From mistake! Do not find Reference source.3 can find, the DOM resolver has good performance when little document is resolved, but at the expense of big document head and shoulders above expectation.SAX resolver resolves performance is better than DOM mode, still inefficiency.Discover that further DOM and SAX under the used DTD of example describes, when XML document is 720KB, have approximate performance.In the IXP initialization procedure, created element subtree table and crucial tab indexes table, resolving comprises two parts: search concordance list and carry out the element coupling in the element-specific subtree.IXP adopts hash function to optimize concordance list, and it almost is constant searching the concordance list time, and the time of searching element subtree is only relevant with the size of subtree.Therefore the IXP resolver also can have good performance under large-scale XML document.

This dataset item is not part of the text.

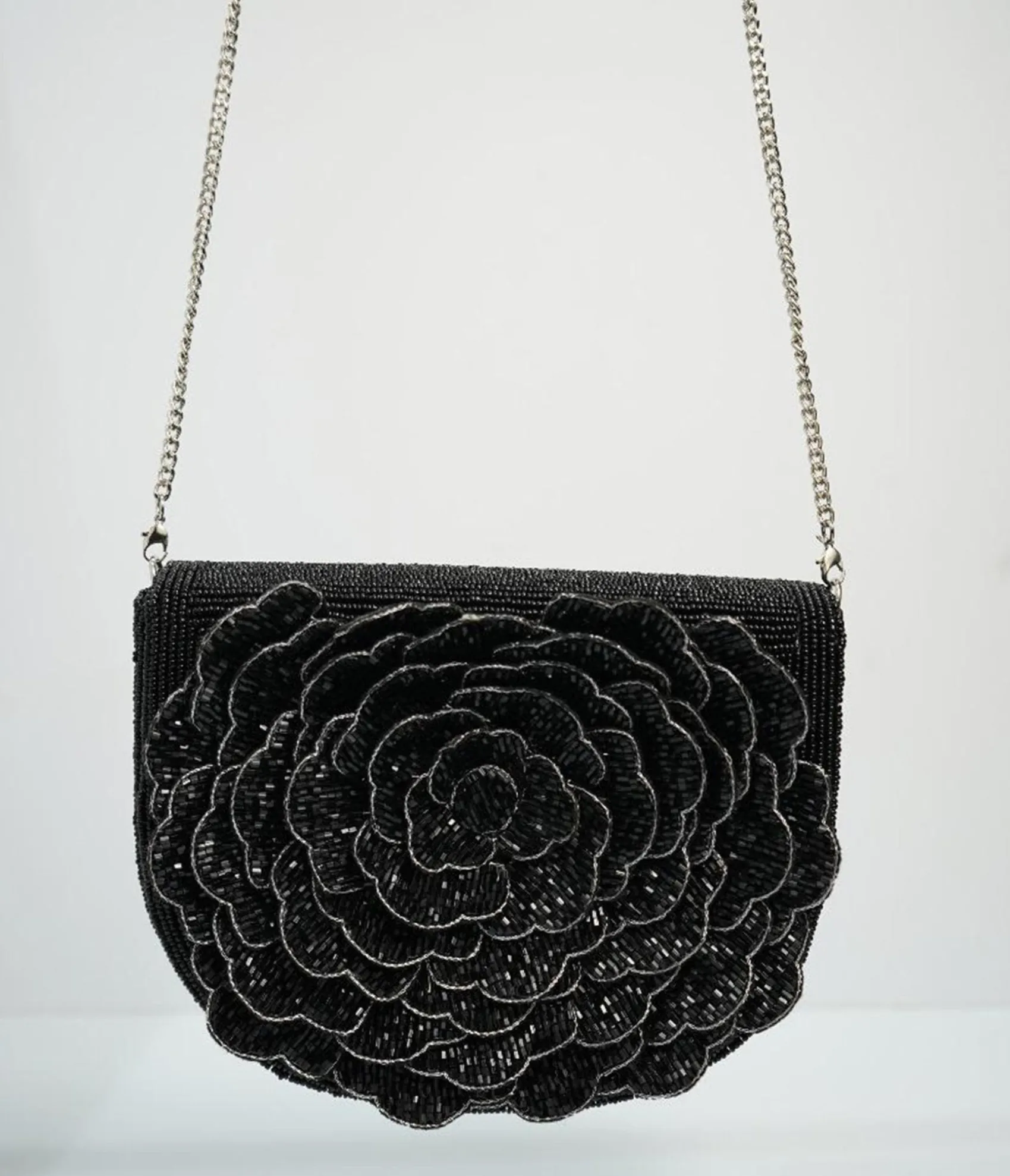 Black Flower Beaded Crossbody Bag

In worst case, IXP need reinitialize concordance list with new index tab.DOM and the SAX time of resolving is compared with IXP initialization and parsing time sum, and the IXP performance still is better than DOM and SAX mode greatly, as table 1:

Table 1:DOM, SAX method are resolved time and IXP initialization time and are resolved the comparison of temporal summation

Document size	DOM	SAX	IXP	Document size	DOM	SAX	IXP
Document size	DOM	SAX	IXP	Document size	DOM	SAX	IXP	13	8.9	11.1	7.0	119	11.1	44.4	12.8
238	17.8	66.6	22.1	471	55.5	122.1	39	13	8.9	11.1	7.0	119	11.1	44.4	12.8
238	17.8	66.6	22.1	471	55.5	122.1	39	934	1000.1	233.1	72.6	1871	5758.7	577.2	144.7
4652	35381.3	1144.4	426.5					934	1000.1	233.1	72.6	1871	5758.7	577.2	144.7

1, document size is a unit with " kilobyte (K) ", and the time is unit with " millisecond (ms) ".

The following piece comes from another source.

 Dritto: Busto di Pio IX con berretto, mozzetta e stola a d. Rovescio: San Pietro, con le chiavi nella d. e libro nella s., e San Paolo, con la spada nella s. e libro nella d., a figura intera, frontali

2, the value of these two row of DOM and SAX is respectively DOM method and the SAX method parsing time that element spent.

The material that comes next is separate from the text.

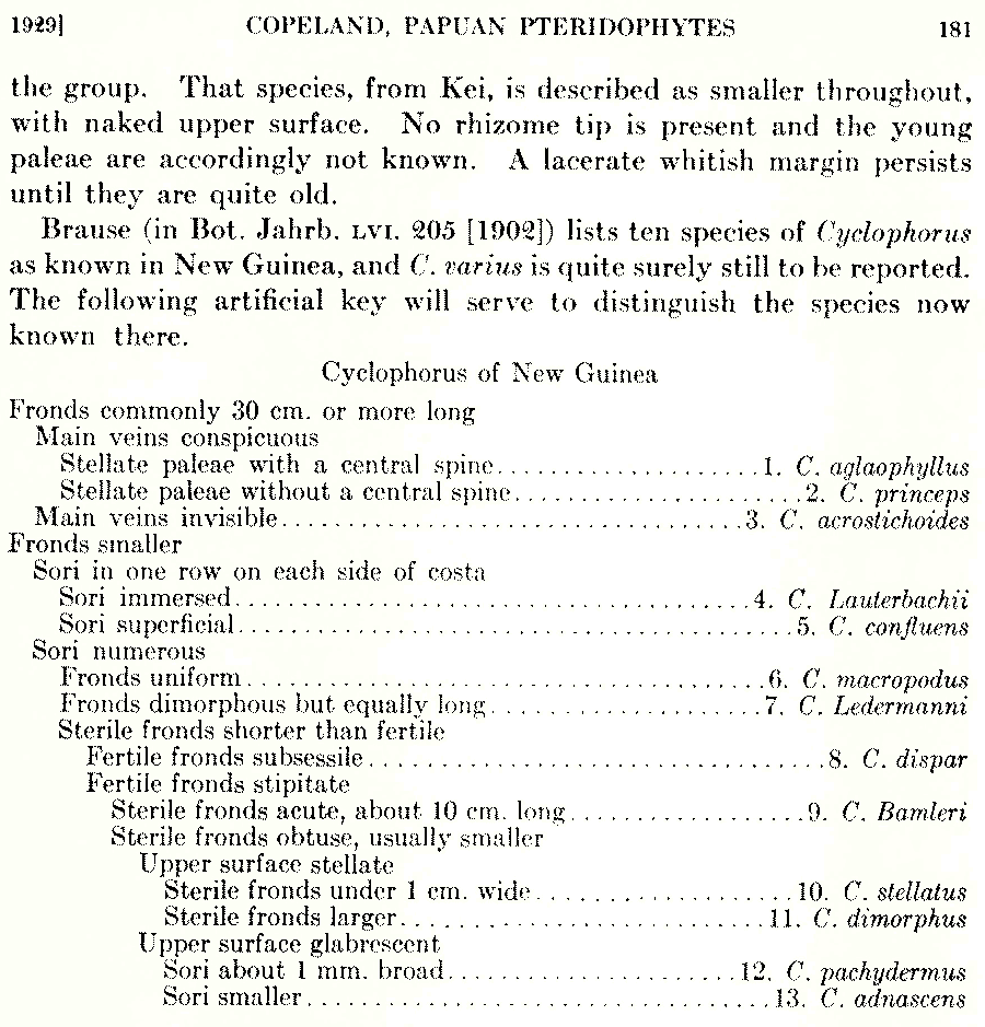 Протолог Cyclophorus stellatus Copel. и Cyclophorus dimorphus Copel. (Journal of the Arnold Arboretum 10(3): 179–181. 1929):

3, the value of these row is the summation of the IBP method initialization time and the time of parsing.

The contrast experiment shows that for large-scale XML document, the resolution speed of IXP method is far away faster than DOM method and SAX method.By general-purpose interface is provided, this mode can be widely used in the parsing of various XML document, for the XML text analyzing provides a kind of new method.

Claims

1. method by the index analyzing XML file is characterized in that step is divided into initial phase and resolution phase:

Initial phase:

The DTD document of step traversal explanation XML document structure extracts the subtree tag name under the root node in the DTD document;

Read-only XML document adopts the IXP pattern of non-checking as follows:

Non-read-only XML document adopts the IXP pattern of checking as follows:

Step 4 ', extract the key word name in the querying condition, inquiry and key word key element concordance list of the same name according to every value in the querying condition coupling key element concordance list, are found occurrence, extract the subtree call number in the occurrence;

Step 5 ', according to subtree call number query sub tree concordance list, after finding occurrence, extract " initial relative position " content in the occurrence, navigate to corresponding subtree reference position in the XML document according to " initial relative position ", begin whole subtree load content to internal memory from this reference position, travel through in this subtree scope that in internal memory, loads then, find the value of the element that meets querying condition to return poll-final; If also need to change this element value after inquiring element, then continue following step;

The value of the element that finds in the step 6 ', upgrade above-mentioned steps 5 ', whether with " more correcting one's mistakes " in the project corresponding to this subtree in the subtree concordance list sign changes " very " into; When closing XML document, earlier all values of statistical indicant of " whether more correcting one's mistakes " are write disk file successively for the content of subtree in internal memory of " very " in subtree index list item, carry out close file then.